Another major observation from Table 2 is that standard deviations of effective interactions are large: it hints that some of interactions may play a more significant role in the dataset. In Fig. 3, we plot the distribution of effective interactions for one specific run (“Hour” kernel, \(\theta _0=0.01\), \(r=1\); we recover the same trend in all other experiments). The results of this figure are similar to the ones of previous studies [15, 19].

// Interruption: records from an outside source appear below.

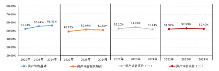 参考率最高的科目是《资产评估基础》,为56.31%;最低的科目是《资产评估相关知识》,为50.50%。资产评估基础科目2022年至2024年参考率逐年递增,其他科目参考率基本持平。
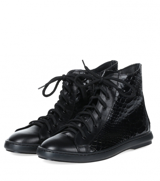 Черные кеды на молнии и шнурках из натуральной кожи под питона, подкладка из натуральной кожи, резиновая подошва
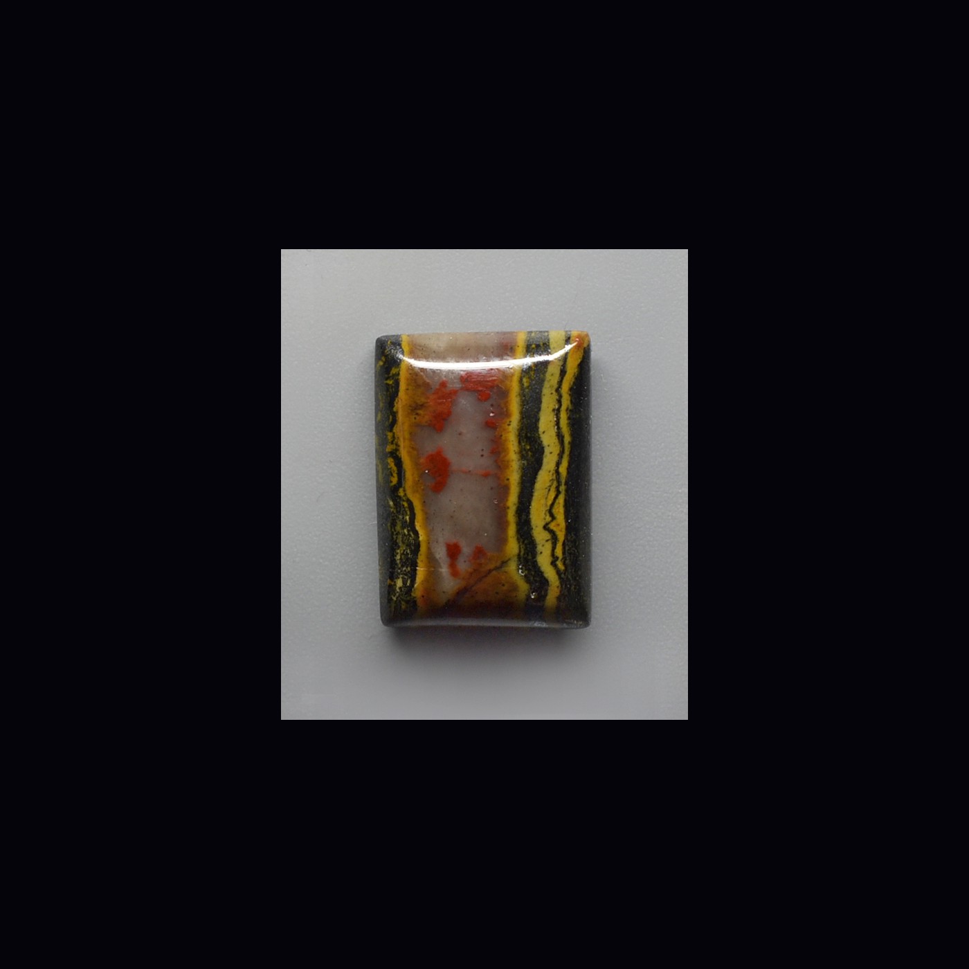 materiale principalmente composto di occhio di tigre,ossido di ferro,ematite. Geologicamente si colloca nella serie di B.I.F. ( formazione ferrosa a bande) ,un roccia antichissima formata da alghe fossilizzate alternate a minerali ferrosi; appartiene all'era archeozoica datata oltre 1 miliardo di anni, quindi la roccia marina sedimentaria piu' antica del mondo. Provenienza Australia.
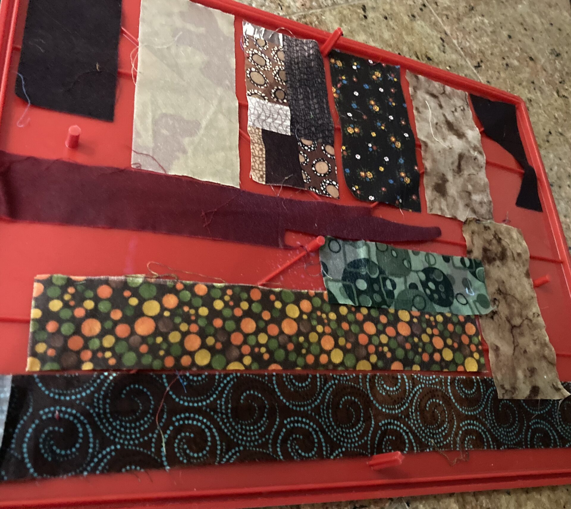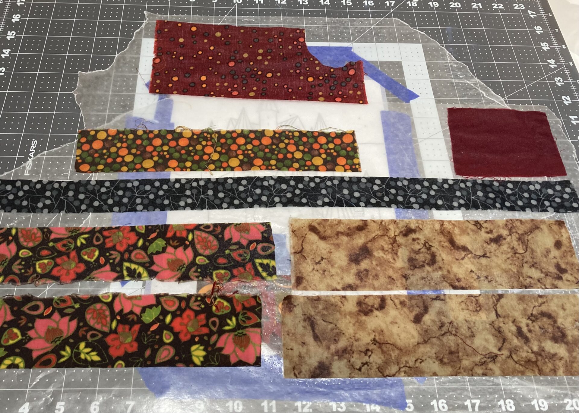 So much easier without the wiggles dropping by to help. Definitely seeing the appeal of raw edge applique. This would be beyond my patience level in needle turn. Maybe EPP…. Maybe not. Starting from the back helped. Not sure my initial triad strikes the right chord, but trying not to overthink the prototype. First drafts are fragile.
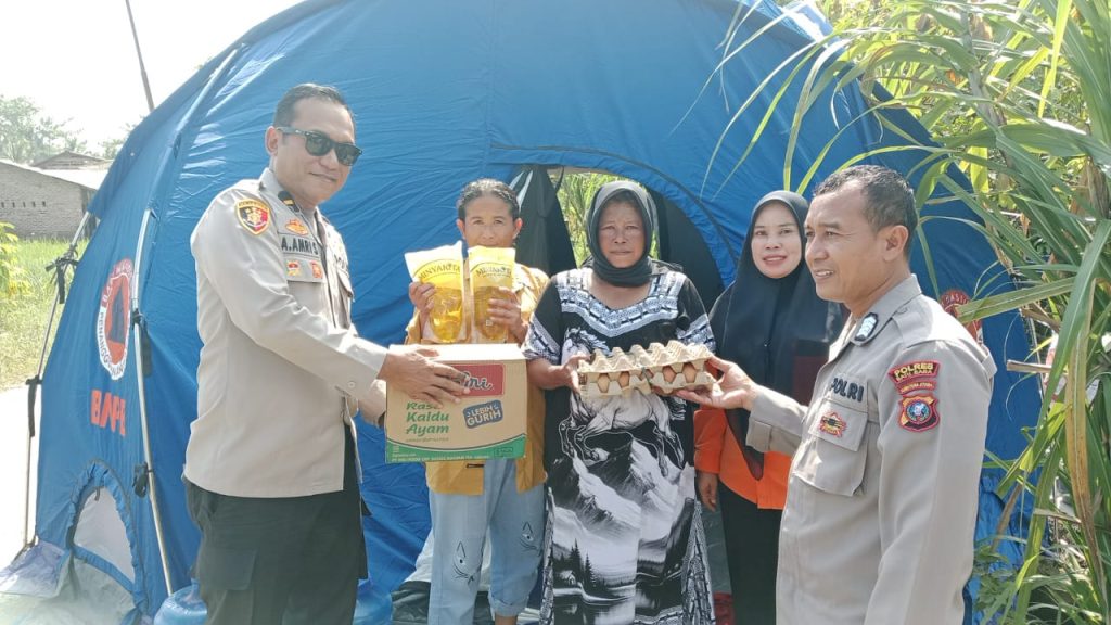 Sat Binmas Polres Batu Bara melakukan kegiatan trauma healing dan memberikan bantuan sosial kepada masyarakat yang terdampak bencana banjir di Desa Empat Negeri dan Desa Kwala Gunung, Kecamatan Datuk Lima Puluh, Kabupaten Batu Bara, Senin (01/12/2025).

Interactions range Finally, in Table 3, we investigate the range of effective interactions. We compute the effective interaction for each entry of the temporal kernel individually and average it over all existing clusters. Importantly, the effective interaction of \(\kappa _1\) is smaller than others. This is induced by our kernel choice: because \(\kappa _1\) is centered around \(t=0\), half of the associated Gaussian function accounts negative time differences, which never happens by design. Therefore, only other kernels entries can contribute on both sides of their mean.

Table 3. Interaction range—All the values for effective interaction are given in ten-thousandth (\(10^{-5}\)). Influence tends to decrease over time for all kernels.

We see in Table 2 that influence tends to decrease over time for all the kernels considered. Overall, the interaction between documents still plays a marginal role. We did not plot the standard deviation for visualization purposes, but they are similar as in Table 2; most interactions do not play a significant role in the publication of subsequent documents over time. Overall, the increase in probability for a new document to belong to a cluster due to interactions is within 0.1–1%.

5 Conclusion

In this work, we conducted extensive experiments on a real-world large-scale dataset from Reddit. We conducted 24 different experiments, each accounting for a given combination of parameters, that determine the timescale considered (\(\kappa (\varDelta t)\)), the sparsity of the language modeling (\(\theta _0\)), and the extent on which we rely on text or time during the inference (r).

Our experiments hint that interactions do not play a significant role in this dataset. We proposed several ways to assess the role of interactions in the dataset. In particular, we introduced the notion of effective interaction as a way to evaluate how confident we are in MPDHP’s output. On this basis, we analysed the importance of interactions in general, as well as from a temporal perspective. We recovered the conclusions of prior works: interactions are sparse and decay over time. By looking at the global effective interaction average, we conclude that interactions play a minor role this dataset. Overall, they only increase the instantaneous probability for a new observation to appear by 1%. Even the most extreme interactions seem to only increase this probability by 12% top.

However, despite intending our study as exhaustive, there is room for improvement in interaction modelling using MPDHP. In particular, there are two biases that we could not explore in this work. Firstly, the parameter \(\lambda _0\) has been set according to a heuristic (so that a new cluster is opened with fifty percent chances when we are 95% sure that it does not match the existing one). Its direct inference would robustify the approach. Nevertheless, this inclusion sounds challenging: \(\lambda _0\) does not account for individual events realizations, but for Hawkes processes starts, whose inference is not a trivial extension. Another improvement would be to allow clusters to passively replicate—without the need for an interaction. We expect that this would boil down to adding a time-independent kernel entry to \(\mathbf {\kappa }\). However, other questions may arise from such modification: when to consider a cluster as extinct given a non-fading kernel? How should this kernel relate to the temporal concentration parameter \(\lambda _0\)? We believe such improvements would make MPDHP more robust and interpretable, and find applications beyond interaction modelling.